CVB Financial Corp. is the holding company for Citizens Business Bank (collectively the “Company”). Citizens Business Bank is the largest financial institution headquartered in the Inland Empire region of Southern California with assets of $6.7 billion. Citizens Business Bank serves 40 cities with 38 Business Financial Centers, six Commercial Banking Centers and three trust office locations serving the Inland Empire, Los Angeles County, Orange County, and the Central Valley areas of California. The Bank intends to open a new business financial center location in San Diego County in the spring of 2014.
About American Security Bank
American Security Bank, originally founded in 1990, is headquartered in Newport Beach, CA and operates through five branches, two electronic banking locations and one loan production office in Southern California. Assets totaled $412 million at December 31, 2013.

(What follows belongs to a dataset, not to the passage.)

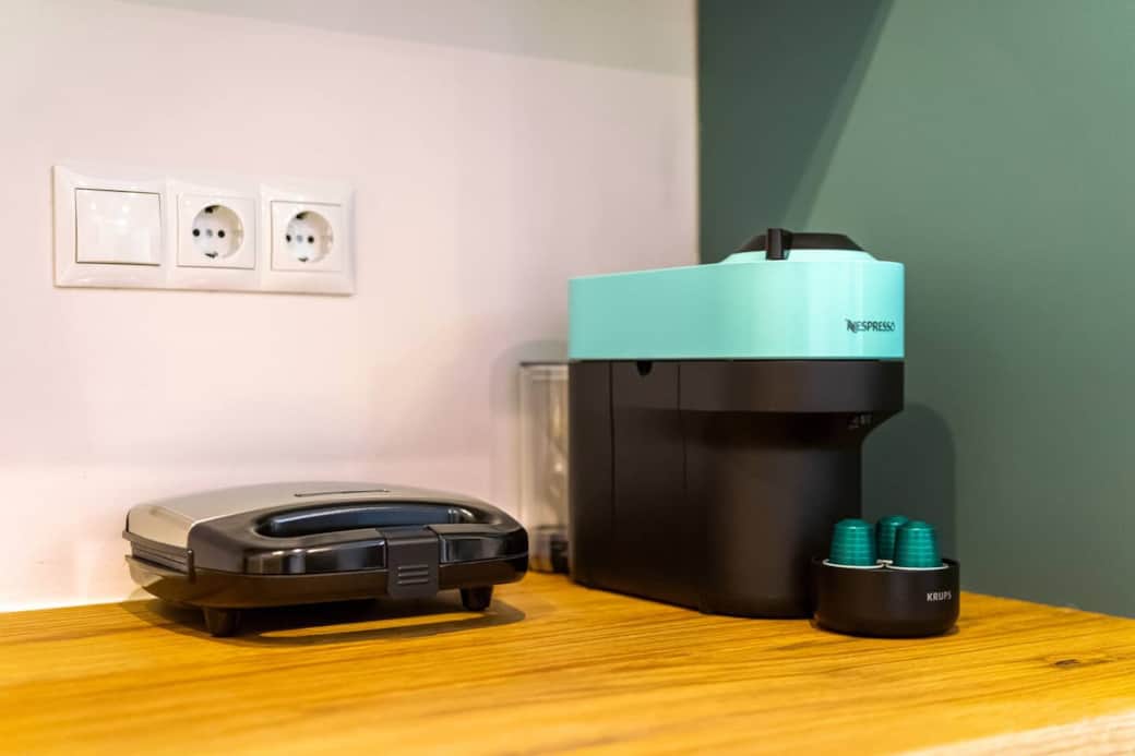 Coffee machine, Kitchen stove, Kitchenette, Oven, Refrigerator, Toaster

This press release contains certain forward-looking statements within the meaning of the Private Securities Litigation Reform Act of 1995. All statements other than statements of historical fact are forward-looking statements. In some cases, you can identify forward-looking statements by words such as “will likely result, “aims”, “anticipates”, “believes”, “could”, “estimates”, “expects”, “hopes”, “intends”, “may”, “plans”, “projects”, “seeks”, “should”, “will” and variations of these words and similar expressions. These forward-looking statements are subject to risks and uncertainties that could cause actual results, performance or achievements to differ materially from those projected. The following factors, among others, could cause actual results to differ from those set forth in the forward-looking statements: the risk that integration of American Security Bank’s operations with those of the Company will be more costly or difficult than expected; the effect of the announcement of the merger on the Company’s, American Security Bank’s or the combined company’s respective customer relationships and operating results; diversion of management’s attention from on-going business operations and opportunities; the challenges of integrating and retaining key employees; the risk that synergies from the transaction may not be fully realized or may take longer to realize than expected; the failure to satisfy conditions to completion of the merger, including receipt of required regulatory approvals; and the failure of the merger to close for any other reason. Additional factors that may affect future results are contained in the Company’s filings with the SEC, which are available at the SEC’s website http://www.sec.gov, including in the Company’s Annual Report on Form 10-K for the year ended December 31, 2012, under the heading “Risk Factors.” The Company disclaims any obligation to update and revise statements contained in these materials based on new information or otherwise.